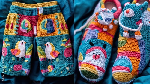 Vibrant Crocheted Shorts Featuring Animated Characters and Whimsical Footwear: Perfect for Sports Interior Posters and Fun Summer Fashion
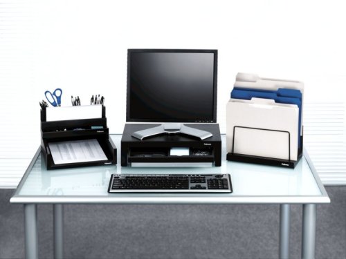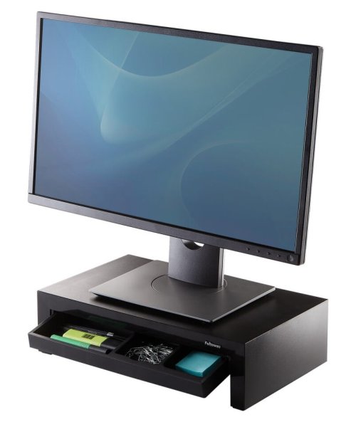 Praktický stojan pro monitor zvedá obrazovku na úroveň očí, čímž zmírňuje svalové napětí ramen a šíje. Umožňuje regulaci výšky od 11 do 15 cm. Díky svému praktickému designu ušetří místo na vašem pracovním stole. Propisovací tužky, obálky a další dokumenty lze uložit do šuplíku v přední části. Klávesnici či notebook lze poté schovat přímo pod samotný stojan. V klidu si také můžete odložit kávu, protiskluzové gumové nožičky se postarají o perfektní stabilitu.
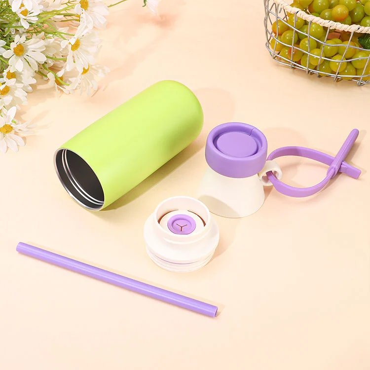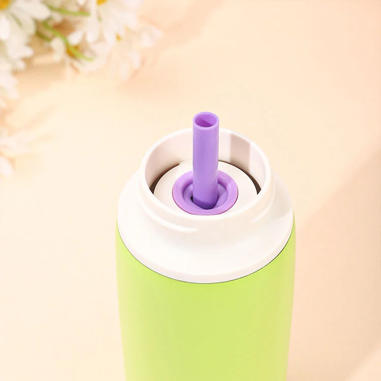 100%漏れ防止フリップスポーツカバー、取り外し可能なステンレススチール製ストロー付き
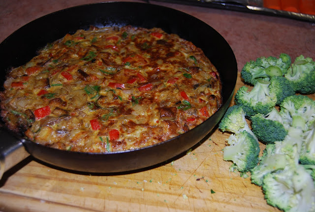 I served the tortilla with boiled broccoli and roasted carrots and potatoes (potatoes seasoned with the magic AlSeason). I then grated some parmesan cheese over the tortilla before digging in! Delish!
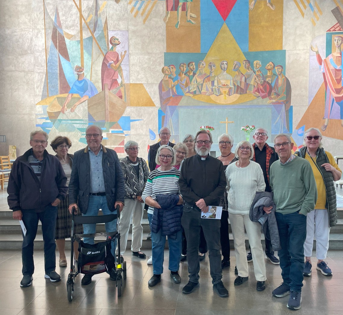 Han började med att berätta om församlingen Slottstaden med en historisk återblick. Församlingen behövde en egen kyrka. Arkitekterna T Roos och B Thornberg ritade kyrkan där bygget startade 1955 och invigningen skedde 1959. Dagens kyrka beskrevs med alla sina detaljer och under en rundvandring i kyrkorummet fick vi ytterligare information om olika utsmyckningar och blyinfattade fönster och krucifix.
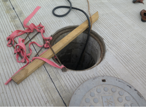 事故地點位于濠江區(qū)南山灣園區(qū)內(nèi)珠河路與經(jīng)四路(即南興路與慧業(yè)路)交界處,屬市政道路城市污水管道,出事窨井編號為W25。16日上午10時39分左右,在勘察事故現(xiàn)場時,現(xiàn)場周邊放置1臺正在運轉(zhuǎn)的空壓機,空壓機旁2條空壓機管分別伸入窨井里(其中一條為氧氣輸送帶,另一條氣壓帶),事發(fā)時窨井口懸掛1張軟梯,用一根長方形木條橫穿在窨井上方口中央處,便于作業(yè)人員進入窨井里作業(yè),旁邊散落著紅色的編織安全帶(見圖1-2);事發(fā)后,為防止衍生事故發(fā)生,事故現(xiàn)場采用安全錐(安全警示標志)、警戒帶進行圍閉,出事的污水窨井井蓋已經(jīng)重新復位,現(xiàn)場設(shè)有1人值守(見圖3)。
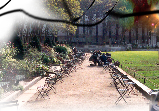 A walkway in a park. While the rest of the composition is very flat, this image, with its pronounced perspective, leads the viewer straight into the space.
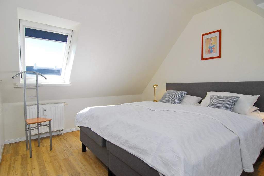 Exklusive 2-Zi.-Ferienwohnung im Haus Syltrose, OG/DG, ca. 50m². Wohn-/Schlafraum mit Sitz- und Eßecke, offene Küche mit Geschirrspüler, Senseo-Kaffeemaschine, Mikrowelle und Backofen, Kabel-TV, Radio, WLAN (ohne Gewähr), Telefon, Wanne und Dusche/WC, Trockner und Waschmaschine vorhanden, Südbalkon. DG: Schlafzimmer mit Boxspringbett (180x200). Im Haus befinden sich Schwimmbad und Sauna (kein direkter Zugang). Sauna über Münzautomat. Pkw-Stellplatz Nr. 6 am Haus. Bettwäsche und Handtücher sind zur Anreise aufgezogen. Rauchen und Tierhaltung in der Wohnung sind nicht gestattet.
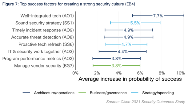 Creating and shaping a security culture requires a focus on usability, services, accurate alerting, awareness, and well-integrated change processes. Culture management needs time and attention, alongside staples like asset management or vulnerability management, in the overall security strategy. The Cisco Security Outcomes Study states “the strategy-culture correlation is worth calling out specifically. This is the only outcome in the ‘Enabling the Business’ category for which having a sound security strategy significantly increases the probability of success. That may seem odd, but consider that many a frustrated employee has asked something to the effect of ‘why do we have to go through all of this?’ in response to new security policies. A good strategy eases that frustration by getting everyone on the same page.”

★ ★ ★

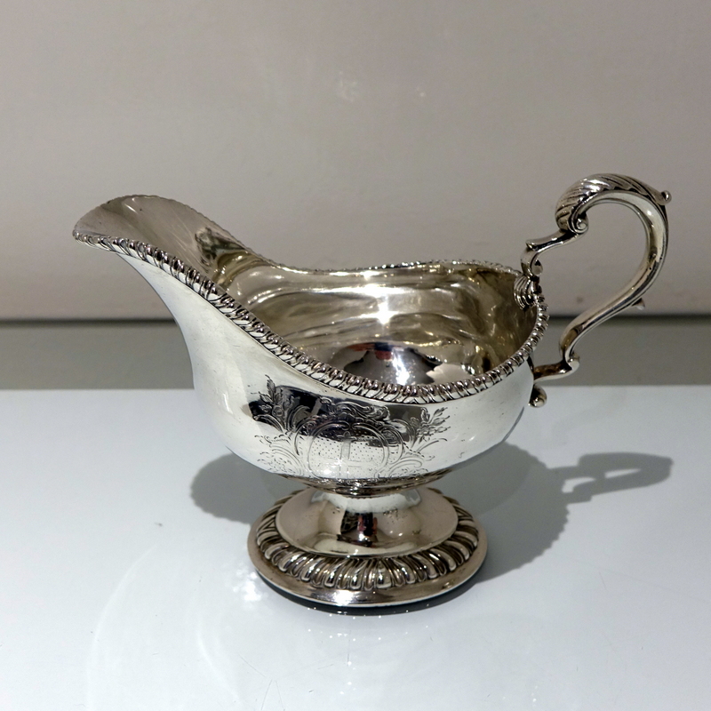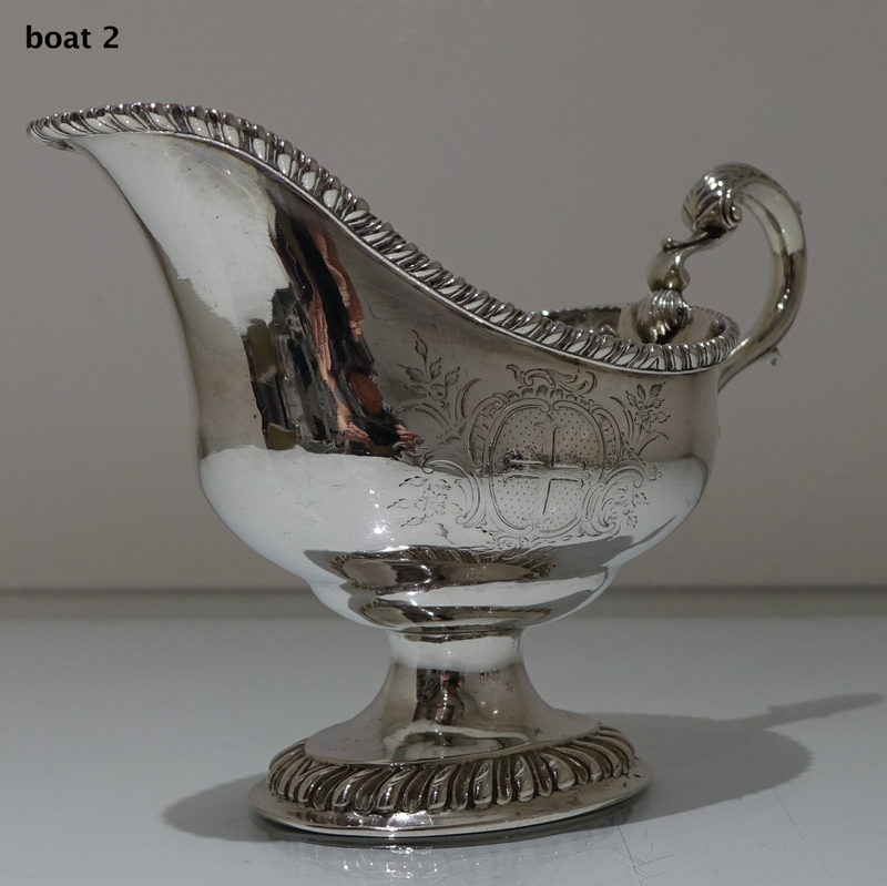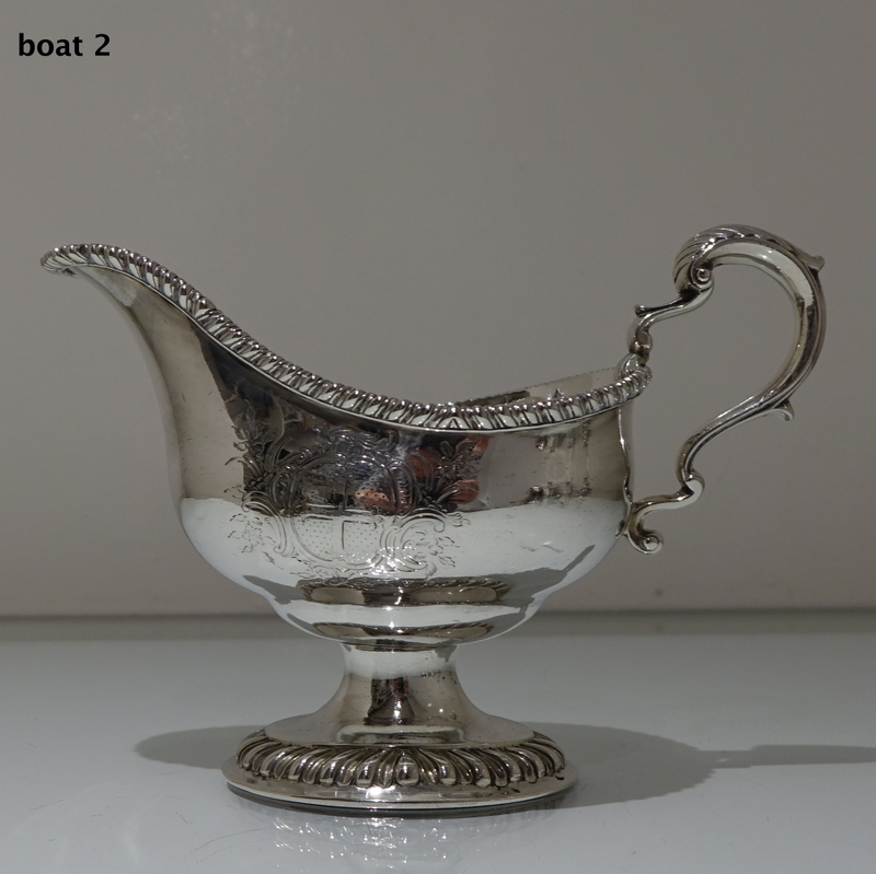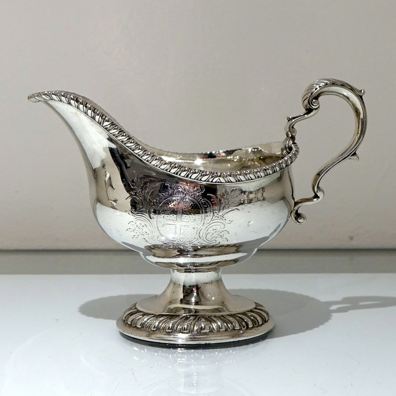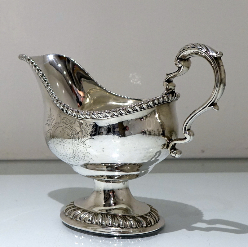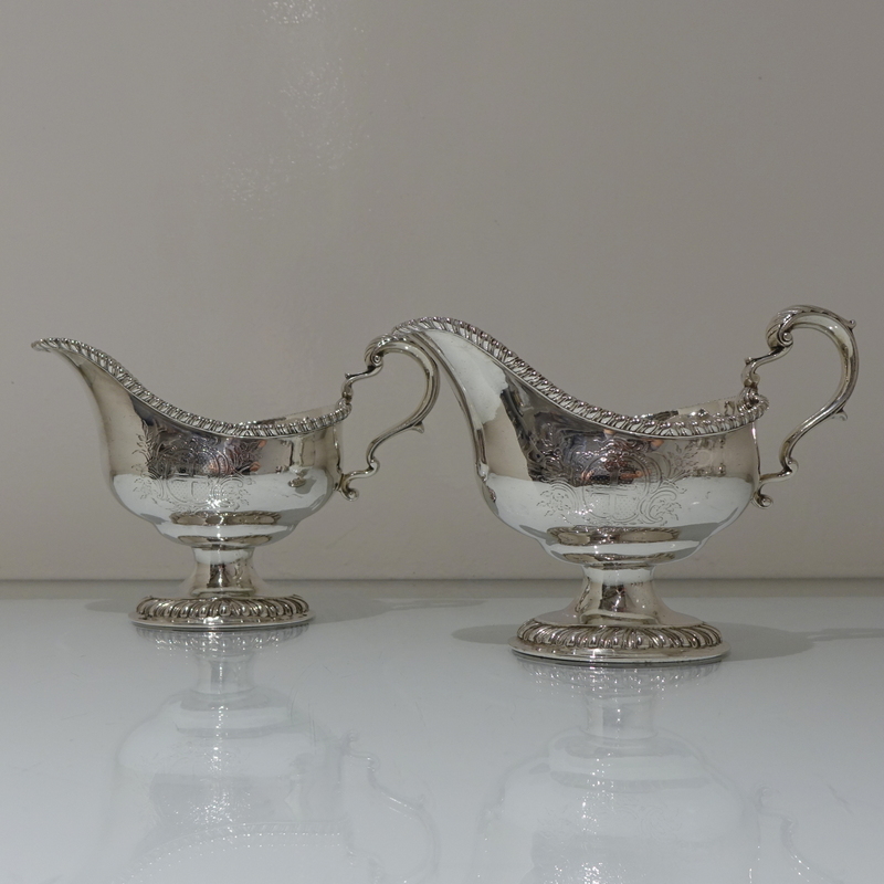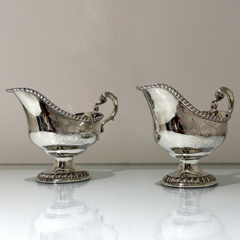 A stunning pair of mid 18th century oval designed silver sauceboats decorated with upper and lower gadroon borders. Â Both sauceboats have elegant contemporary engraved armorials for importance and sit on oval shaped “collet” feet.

★ ★ ★

Work order: Would you print exactly the lines in the listing above, from the line bearing "I served the" through the line bearing "Han började med", leaving out all pictures?

Response:
 I served the tortilla with boiled broccoli and roasted carrots and potatoes (potatoes seasoned with the magic AlSeason). I then grated some parmesan cheese over the tortilla before digging in! Delish!
 Han började med att berätta om församlingen Slottstaden med en historisk återblick. Församlingen behövde en egen kyrka. Arkitekterna T Roos och B Thornberg ritade kyrkan där bygget startade 1955 och invigningen skedde 1959. Dagens kyrka beskrevs med alla sina detaljer och under en rundvandring i kyrkorummet fick vi ytterligare information om olika utsmyckningar och blyinfattade fönster och krucifix.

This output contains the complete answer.